▶ **SUPPLIED ENTRIES**:
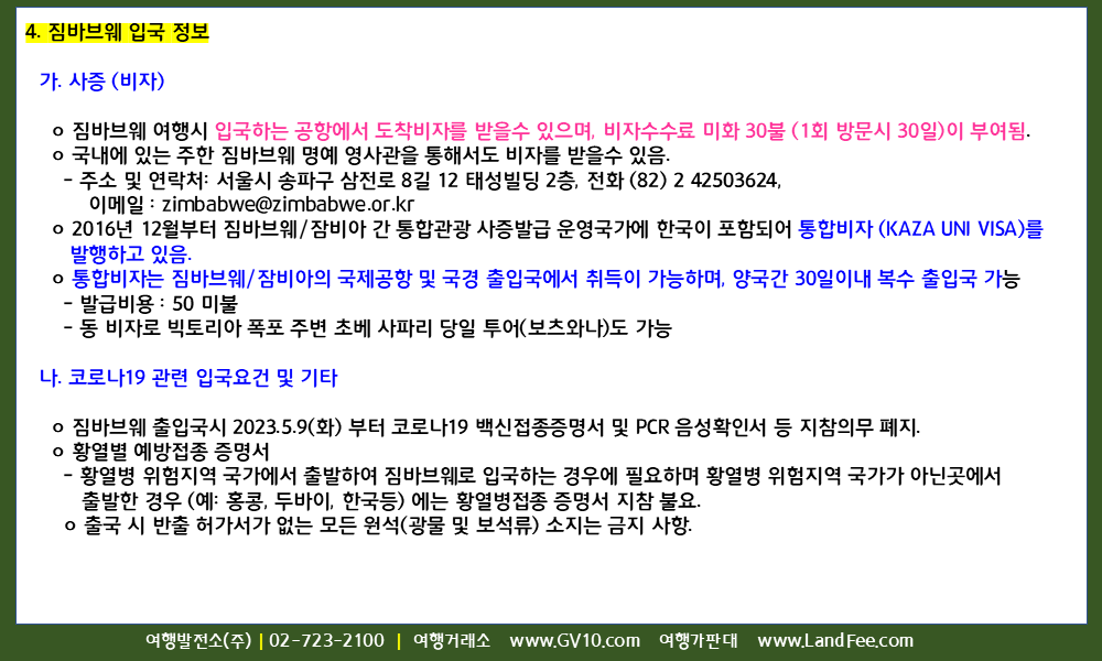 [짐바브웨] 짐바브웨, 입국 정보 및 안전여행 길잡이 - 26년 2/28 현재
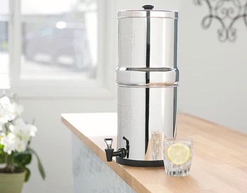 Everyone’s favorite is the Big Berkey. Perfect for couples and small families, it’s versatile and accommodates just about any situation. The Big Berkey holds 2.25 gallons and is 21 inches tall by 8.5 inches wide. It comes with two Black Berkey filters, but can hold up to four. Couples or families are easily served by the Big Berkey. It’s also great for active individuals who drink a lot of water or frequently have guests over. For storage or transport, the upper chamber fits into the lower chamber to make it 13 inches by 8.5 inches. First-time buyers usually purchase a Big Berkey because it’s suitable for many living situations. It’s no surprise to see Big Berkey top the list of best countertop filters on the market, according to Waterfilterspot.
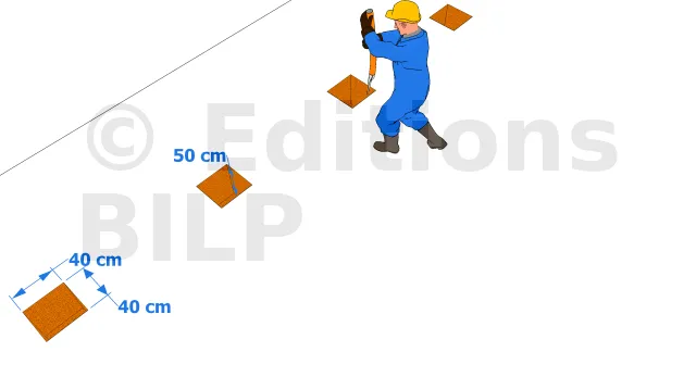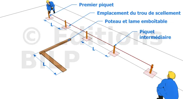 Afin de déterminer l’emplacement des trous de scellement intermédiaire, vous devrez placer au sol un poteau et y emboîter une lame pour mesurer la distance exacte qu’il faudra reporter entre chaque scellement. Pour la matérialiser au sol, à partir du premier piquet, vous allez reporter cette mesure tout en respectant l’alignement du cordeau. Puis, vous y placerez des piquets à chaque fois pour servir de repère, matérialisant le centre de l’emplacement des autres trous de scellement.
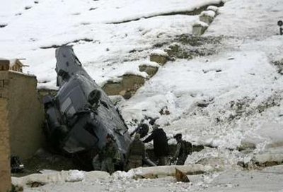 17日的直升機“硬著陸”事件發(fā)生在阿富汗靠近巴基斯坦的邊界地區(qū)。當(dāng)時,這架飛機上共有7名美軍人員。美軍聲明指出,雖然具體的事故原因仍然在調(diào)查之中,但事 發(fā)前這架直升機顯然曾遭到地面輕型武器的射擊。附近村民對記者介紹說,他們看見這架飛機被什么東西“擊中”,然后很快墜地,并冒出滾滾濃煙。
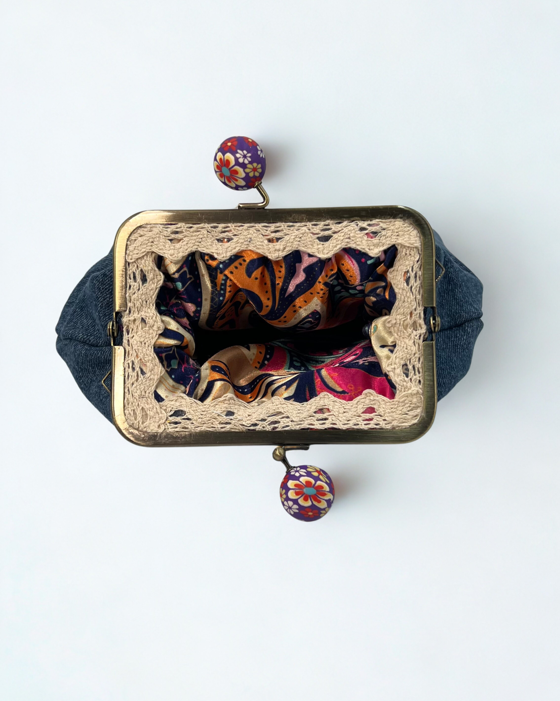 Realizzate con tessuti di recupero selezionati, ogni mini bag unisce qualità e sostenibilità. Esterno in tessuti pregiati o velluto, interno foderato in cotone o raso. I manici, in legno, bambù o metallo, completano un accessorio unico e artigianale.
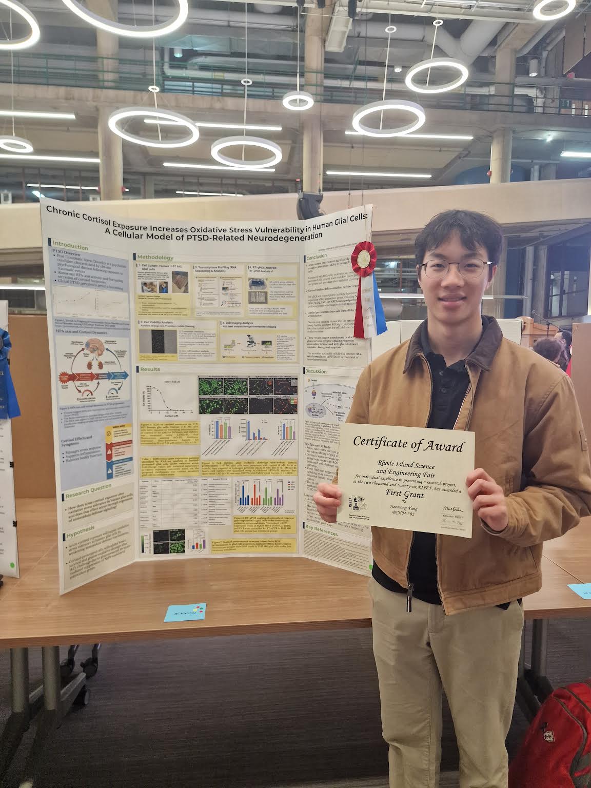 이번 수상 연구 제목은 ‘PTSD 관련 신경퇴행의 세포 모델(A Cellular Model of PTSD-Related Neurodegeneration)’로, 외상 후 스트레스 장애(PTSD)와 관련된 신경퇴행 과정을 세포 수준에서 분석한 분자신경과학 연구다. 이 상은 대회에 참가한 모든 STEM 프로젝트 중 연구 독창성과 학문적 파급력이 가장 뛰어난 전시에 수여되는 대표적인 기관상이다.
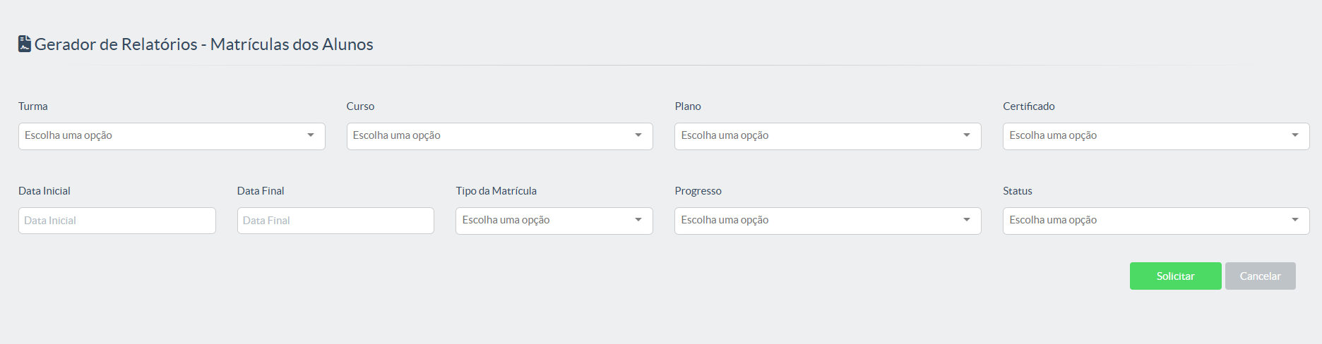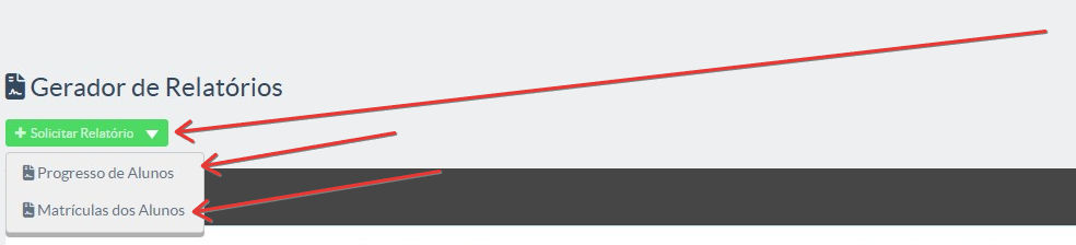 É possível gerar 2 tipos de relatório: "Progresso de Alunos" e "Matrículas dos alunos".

▶ **PROBLEM TO SOLVE**:
Transcribe the entries above word for word, but leave every picture out of your copy.

▶ **TASK SOLUTION**:
 [짐바브웨] 짐바브웨, 입국 정보 및 안전여행 길잡이 - 26년 2/28 현재
 Everyone’s favorite is the Big Berkey. Perfect for couples and small families, it’s versatile and accommodates just about any situation. The Big Berkey holds 2.25 gallons and is 21 inches tall by 8.5 inches wide. It comes with two Black Berkey filters, but can hold up to four. Couples or families are easily served by the Big Berkey. It’s also great for active individuals who drink a lot of water or frequently have guests over. For storage or transport, the upper chamber fits into the lower chamber to make it 13 inches by 8.5 inches. First-time buyers usually purchase a Big Berkey because it’s suitable for many living situations. It’s no surprise to see Big Berkey top the list of best countertop filters on the market, according to Waterfilterspot.
 Afin de déterminer l’emplacement des trous de scellement intermédiaire, vous devrez placer au sol un poteau et y emboîter une lame pour mesurer la distance exacte qu’il faudra reporter entre chaque scellement. Pour la matérialiser au sol, à partir du premier piquet, vous allez reporter cette mesure tout en respectant l’alignement du cordeau. Puis, vous y placerez des piquets à chaque fois pour servir de repère, matérialisant le centre de l’emplacement des autres trous de scellement.
 17日的直升機“硬著陸”事件發(fā)生在阿富汗靠近巴基斯坦的邊界地區(qū)。當(dāng)時,這架飛機上共有7名美軍人員。美軍聲明指出,雖然具體的事故原因仍然在調(diào)查之中,但事 發(fā)前這架直升機顯然曾遭到地面輕型武器的射擊。附近村民對記者介紹說,他們看見這架飛機被什么東西“擊中”,然后很快墜地,并冒出滾滾濃煙。
 Realizzate con tessuti di recupero selezionati, ogni mini bag unisce qualità e sostenibilità. Esterno in tessuti pregiati o velluto, interno foderato in cotone o raso. I manici, in legno, bambù o metallo, completano un accessorio unico e artigianale.
 이번 수상 연구 제목은 ‘PTSD 관련 신경퇴행의 세포 모델(A Cellular Model of PTSD-Related Neurodegeneration)’로, 외상 후 스트레스 장애(PTSD)와 관련된 신경퇴행 과정을 세포 수준에서 분석한 분자신경과학 연구다. 이 상은 대회에 참가한 모든 STEM 프로젝트 중 연구 독창성과 학문적 파급력이 가장 뛰어난 전시에 수여되는 대표적인 기관상이다.
 É possível gerar 2 tipos de relatório: "Progresso de Alunos" e "Matrículas dos alunos".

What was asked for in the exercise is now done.